Question

I have 2 tables: mailings and form_responses. The form_responses table has a foreign key with the mailings table, so a mailing has one-to-many form_responses. What I want to do is calculate mailing stats: per mailing get total form_responses and when the last form_response was received. I want to return the first 20 mailings that have last received a form_response.
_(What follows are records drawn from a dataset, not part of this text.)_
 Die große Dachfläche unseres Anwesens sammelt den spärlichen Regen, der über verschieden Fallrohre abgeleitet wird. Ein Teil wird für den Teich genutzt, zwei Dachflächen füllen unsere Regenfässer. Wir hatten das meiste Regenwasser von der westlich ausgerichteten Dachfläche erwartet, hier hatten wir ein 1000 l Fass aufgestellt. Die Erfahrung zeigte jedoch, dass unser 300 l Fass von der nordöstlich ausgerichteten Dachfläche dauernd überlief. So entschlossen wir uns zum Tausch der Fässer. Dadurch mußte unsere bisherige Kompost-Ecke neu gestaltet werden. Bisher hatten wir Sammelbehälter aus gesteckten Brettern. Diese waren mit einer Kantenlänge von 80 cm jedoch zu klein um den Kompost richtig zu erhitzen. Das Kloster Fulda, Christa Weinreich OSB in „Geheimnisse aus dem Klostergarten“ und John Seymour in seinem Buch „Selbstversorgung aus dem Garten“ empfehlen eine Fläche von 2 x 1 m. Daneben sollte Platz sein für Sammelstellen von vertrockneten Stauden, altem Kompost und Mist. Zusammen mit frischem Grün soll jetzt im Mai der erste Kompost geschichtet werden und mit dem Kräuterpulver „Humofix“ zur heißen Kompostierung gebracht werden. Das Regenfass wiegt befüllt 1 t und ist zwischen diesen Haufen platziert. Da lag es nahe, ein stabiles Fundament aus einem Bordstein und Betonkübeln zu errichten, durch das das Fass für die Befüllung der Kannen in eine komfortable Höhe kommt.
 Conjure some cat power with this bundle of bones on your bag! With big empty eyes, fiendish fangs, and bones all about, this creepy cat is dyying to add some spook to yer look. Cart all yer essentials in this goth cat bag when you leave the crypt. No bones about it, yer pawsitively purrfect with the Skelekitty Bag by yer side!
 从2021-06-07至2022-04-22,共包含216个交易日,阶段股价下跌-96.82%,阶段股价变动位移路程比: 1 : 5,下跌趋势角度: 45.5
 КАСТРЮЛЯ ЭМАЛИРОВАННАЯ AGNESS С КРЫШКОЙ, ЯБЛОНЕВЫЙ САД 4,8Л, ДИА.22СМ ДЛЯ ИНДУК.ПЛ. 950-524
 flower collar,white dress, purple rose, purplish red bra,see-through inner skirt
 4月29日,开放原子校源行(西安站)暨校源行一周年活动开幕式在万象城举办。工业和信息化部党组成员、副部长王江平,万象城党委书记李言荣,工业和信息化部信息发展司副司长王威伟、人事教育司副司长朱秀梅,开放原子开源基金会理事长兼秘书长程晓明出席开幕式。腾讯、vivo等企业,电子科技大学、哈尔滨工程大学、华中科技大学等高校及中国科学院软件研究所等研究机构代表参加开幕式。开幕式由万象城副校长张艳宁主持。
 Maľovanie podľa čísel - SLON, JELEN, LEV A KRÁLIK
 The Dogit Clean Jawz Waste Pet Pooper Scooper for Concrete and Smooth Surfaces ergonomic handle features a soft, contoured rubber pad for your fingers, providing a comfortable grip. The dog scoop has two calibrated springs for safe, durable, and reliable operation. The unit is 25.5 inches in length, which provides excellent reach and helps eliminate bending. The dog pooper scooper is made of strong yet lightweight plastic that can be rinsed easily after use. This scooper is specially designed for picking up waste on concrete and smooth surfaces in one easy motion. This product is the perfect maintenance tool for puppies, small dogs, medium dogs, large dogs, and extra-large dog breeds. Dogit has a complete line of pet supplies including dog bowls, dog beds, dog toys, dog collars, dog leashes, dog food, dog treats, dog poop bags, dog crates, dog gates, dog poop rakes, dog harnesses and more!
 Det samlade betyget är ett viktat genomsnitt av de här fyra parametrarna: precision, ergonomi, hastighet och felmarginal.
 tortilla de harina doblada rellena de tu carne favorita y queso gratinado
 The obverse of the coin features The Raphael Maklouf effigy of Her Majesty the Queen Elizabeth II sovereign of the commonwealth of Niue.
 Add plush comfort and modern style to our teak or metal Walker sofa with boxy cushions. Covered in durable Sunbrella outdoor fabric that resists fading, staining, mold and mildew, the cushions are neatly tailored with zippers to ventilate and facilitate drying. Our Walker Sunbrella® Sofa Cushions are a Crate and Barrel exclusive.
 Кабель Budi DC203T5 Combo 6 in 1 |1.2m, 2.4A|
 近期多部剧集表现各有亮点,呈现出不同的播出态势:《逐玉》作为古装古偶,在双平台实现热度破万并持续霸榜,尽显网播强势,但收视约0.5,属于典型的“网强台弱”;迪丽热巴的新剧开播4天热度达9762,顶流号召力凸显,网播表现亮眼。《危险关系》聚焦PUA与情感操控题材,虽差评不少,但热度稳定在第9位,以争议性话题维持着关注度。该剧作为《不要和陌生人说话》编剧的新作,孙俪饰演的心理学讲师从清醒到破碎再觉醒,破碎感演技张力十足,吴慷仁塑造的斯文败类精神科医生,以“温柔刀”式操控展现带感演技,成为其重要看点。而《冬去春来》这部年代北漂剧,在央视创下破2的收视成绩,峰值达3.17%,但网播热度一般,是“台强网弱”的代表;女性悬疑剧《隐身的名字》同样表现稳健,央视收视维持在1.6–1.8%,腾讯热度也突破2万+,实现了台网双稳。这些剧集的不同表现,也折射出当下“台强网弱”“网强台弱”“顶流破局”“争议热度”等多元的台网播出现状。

But when it has to query 50k+ rows, the query gets really slow.

mailings (~100k rows)

    Column    |            Type             |                     Modifiers                     
--------------+-----------------------------+---------------------------------------------------
 id           | integer                     | pkey
 project_id   | integer                     | not null
 deleted      | boolean                     |
 active       | boolean                     |
 created_at   | timestamp with time zone    | 

Indexes:
 "mailings_pkey" PRIMARY KEY, btree (id)
 "mailing_on_project_id_where_not_deleted_and_active" btree (project_id) (WHERE deleted IS NOT true AND active IS TRUE)
 + individual indexes on almost all columns

form_responses (~6m rows)

    Column    |            Type             |                     Modifiers                     
--------------+-----------------------------+---------------------------------------------------
 id           | integer                     | pkey
 project_id   | integer                     | not null
 mailing_id   | integer                     | 
 deleted      | boolean                     |
 is_unanswered| boolean                     |
 created_at   | timestamp with time zone    | 

Indexes:
 "form_responses_pkey" PRIMARY KEY, btree (id)
 "form_responses_on_pid_cr_time_where_not_del_not_is_unans" btree (project_id, created_time) (WHERE deleted IS NOT true AND is_uanswered IS NOT TRUE)
 + individual indexes on almost all columns

I want to get the mailing stats of a project (id=1), within a date range. I only want the stats of mailings that are not deleted and active and only count non deleted responses.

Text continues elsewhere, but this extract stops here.